Bence de SSP’nin muhalefetin geri kalanını ve ardından öğrencileri bir geçiş hükümetinin gerekliliğine ikna etme şansı çok düşük. Ancak, mucizevi bir şekilde gerçekleşse bile, eşitsiz koşullar altında seçim hırsızlığına dayanan yozlaşmış bir hükümeti, kendisini kesinlikle güçsüzleştirecek bir şeye ikna etmenin yolu hâlâ soru olarak duruyor. Daha da derinleşen bir toplumsal kriz koşullarında öğrenciler ve muhalefetin sinerjisinin, ilgili uluslararası aktörlerin desteğiyle, Vučić’i böyle bir taviz vermeye zorlaması mümkün, ancak bu daha ciddi bir siyasi değerlendirme gerektiriyor. İktidardaki SNS ve ortakları ile öğrenci protesto hareketi arasında büyük bir kutuplaşmanın olduğu net. Muhalefetin kendileri için hiç de hoş olmayan mevcut durumda kendini bir şekilde öğrenci hareketi karar mekanizması içinde konumlandırmaya çalıştığı açık.
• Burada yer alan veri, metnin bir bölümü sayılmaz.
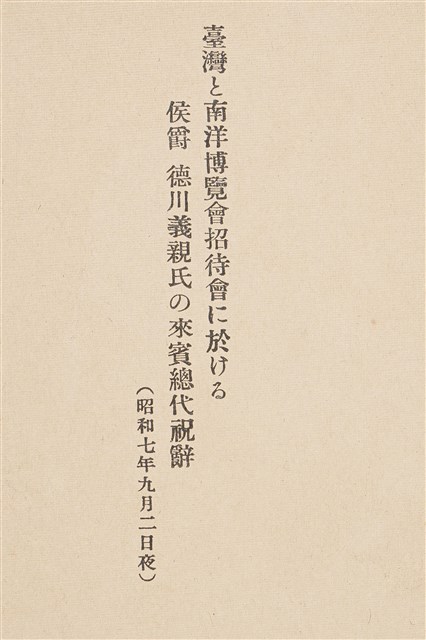 昭和7年9月2日侯爵德川義親氏於博覽會招待會上宣讀來賓總代表祝賀詞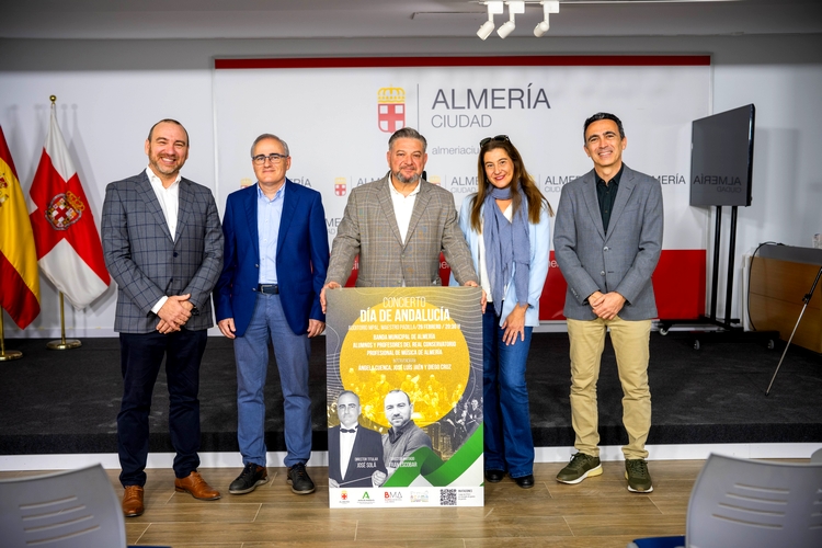 Esta mañana, el concejal delegado del Área, Diego Cruz, acompañado por los directores José Solá Palmer y Fran Escobar y el vicedirector del Conservatorio, José Matías Fernández, y la jefa de extensión cultural del Conservatorio, Mar Bernal, ha presentado este concierto que, además, es de entrada libre hasta completar aforo, si bien se puede reservar el asiento adquiriendo la invitación en la taquilla municipal del Teatro Apolo o a través de la web habitual https://almeriaculturaentradas.es/, en este caso con un coste de 0,50 euros en concepto de gastos de gestión.

Muhalefet burada kendine aradığı yeri bulamıyor çünkü öğrenci hareketi buna müsaade etmiyor ve zorunlu olarak üçüncü bir aktör olarak kendini konumlandırmaya çalışıyor. Tarih yüksek kutuplaşma durumlarında üçüncü aktörlerin pek başarılı olamadığının onlarca örneği ile dolu. Bu sebeple mevcut yapısıyla Sırbistan’ın, muhalefetin geçiş veya teknik bir hükümet fikrinden ne elde edeceğinden emin değilim. Sırbistan’da olan bitenler seçimler ve seçim koşullarıyla ilgili değil, sandıktaki seçim koşulları dediğimiz şey bile tüm sorunun küçük bir parçası.
Yüksek kutuplaşma ortamında, böyle bir hükümete girerseniz, muhalefetin sahip olduğu az da olsa zedelenmiş güven ve itibarı bile çökertirsiniz. Muhalefet seçmenlerinin bile muhalefete olan güveninin yüksek olmadığını, çünkü kötü hamleler, verimsizlik ve parçalanma gördüklerini daha önce de biliyorduk… Öğrenci protestosu ve isyanı başladığından beri, bu güven daha da azaldı çünkü seçmenlerin takip edecekleri başka bir güç var: Öğrenci Hareketi. Muhalefet teknik ya da geçiş hükümeti önerisiyle Vučić ile bir tür diyaloga girerse, niyeti ne kadar iyi olursa olsun, halk bunu iktidarla bir anlaşma olarak algılayacaktır ve bence muhalefete olan güven sıfıra inecek ve mevcut durumu daha da zorlaştıracaktır.
Sırbistan’daki muhalefetin Kuzey Makedonya’daki duruma ilk kez değinmediğini hatırlatalım. SSP lideri ve dönemin Sırbistan İttifakı liderlerinden Dragan Đilas, 2019 yılında Makedon haber ajansı MIA’ya verdiği röportajda, Savez za Srbiju yani Sırbistan için İttifak Hareketi SZS’nin, Makedonya makamları ile muhalefet arasında 2015 yılında imzalanan Pržinsk Anlaşması’na benzer şekilde Sırbistan makamlarıyla bir anlaşmaya ihtiyaç duyduğunu söylemişti. 2020’de ise yapılacak seçimleri boykot edeceğini duyurmuştu.